The episode carefully takes its time showing the transformation in Bear and Maximus’ relationship. So by the time we get to the sad punchline — the people pursuing Maximus aren’t Men in Black types looking to keep star people a secret at all costs, but empathetic staffers from the mental hospital he keeps escaping — we can appreciate the loss Bear feels when his new friend is taken away from him. At the same time, though, the episode keeps open the possibility that Maximus isn’t as delusional as everyone else thinks. In a world where William Knifeman and the Spanish explorer can appear before Bear, and even interact a bit with the physical world, are star people that far-fetched? At one point, Maximus insists, “People are only concerned with things they can see and hear. But there are other layers of life that can’t be seen or spoken of. These need just as much attention and just as much care.” If that’s not a mission statement for Reservation Dogs, I don’t know what is. And when Bear departs Maximus’ property through the drainage tunnel that leads to the highway, it’s photographed to seem infinite and terrifying, like Bear has just wound up in a scene from James Cameron’s Aliens.

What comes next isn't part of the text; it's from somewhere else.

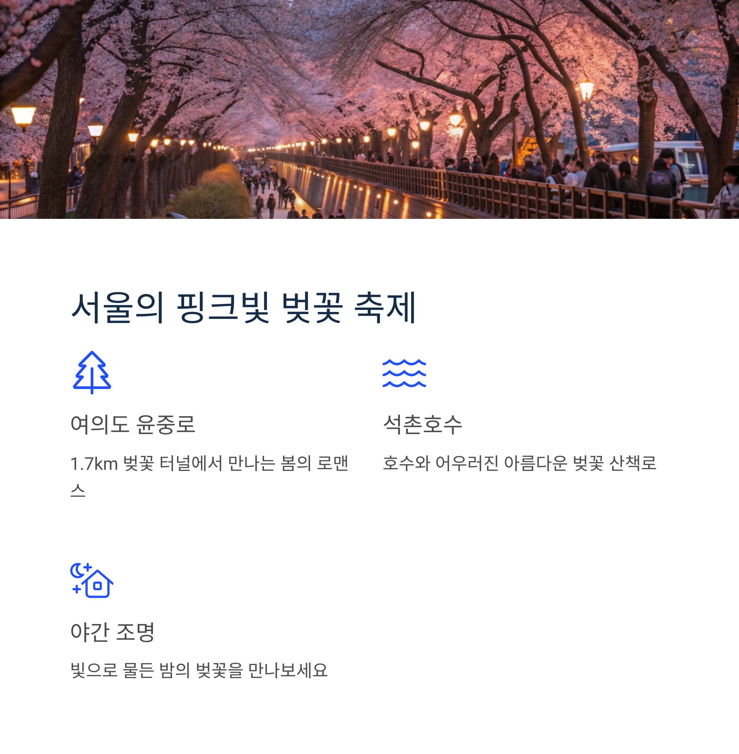 | 서울 추천 명소 | 여의도 윤중로, 석촌호수 벚꽃축제 |
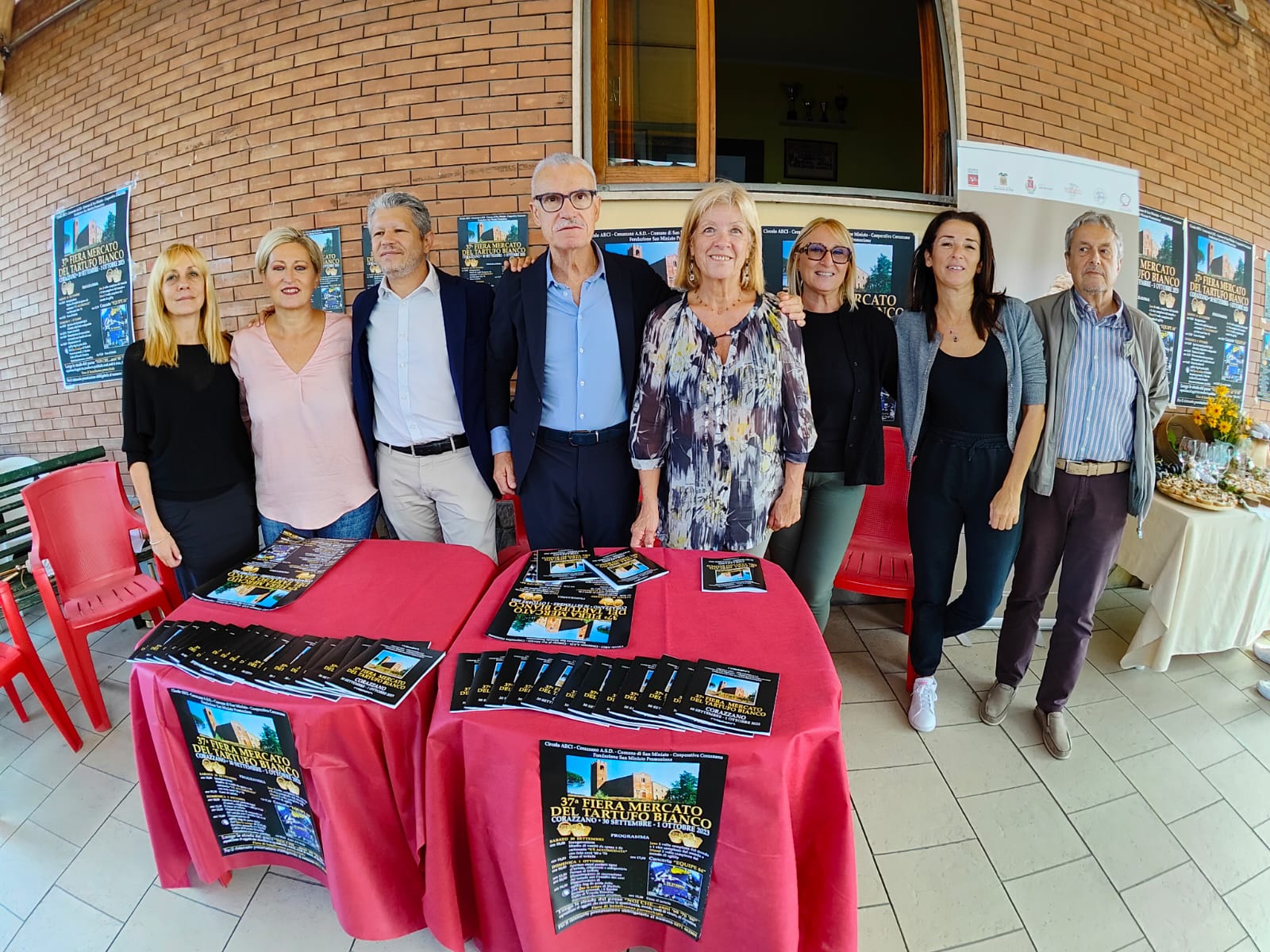 La conferenza stampa di presentazione si è tenuta nella mattinata di sabato 23 settembre al circolo Arci di Corazzano, alla presenza di: Marzia Bellini (portavoce del circolo), Simone Giglioli (sindaco di San Miniato), Marzio Gabbanini e Domenico Barsotti (presidente e vicepresidente di Fondazione San Miniato Promozione); poi i due tartufai locali Luciana Manetti e Leonardo “Il lupo” Bandini, oltre a Piero Campinoti, che ha recitato un ‘ ottava rima per ripercorrere una delle tradizioni di Corazzano e raccontare l’evoluzione di questo caratteristico borgo. “Grazie al sostegno dell’amministrazione comunale e di Fondazione SMP – sottolinea Marzia Bellini -. Noi punteremo forte sui nostri piatti della tradizione, dal tagliolino alla zuppa di cipolla. Abbiamo fatto un grande sforzo per poter offrire il concerto dell’Equipe 84 perché è molto attinente al tema di quest’anno, cioè la Corazzano che fu. I prodotti che cucineremo sono tutti acquistati nella nostra frazione, perché è giusto che tutti possano godere della festa”.

Shortly before the cops come, Maximus talks about how the light we see in the night sky comes from far in the distant past. “We are just echoes of things that came before,” he argues. But Reservation Dogs feels like an echo of nothing. It remains wholly original, and delightful, and we should treasure this last collection of episodes before the show itself winds up in the spirit world alongside William Knifeman.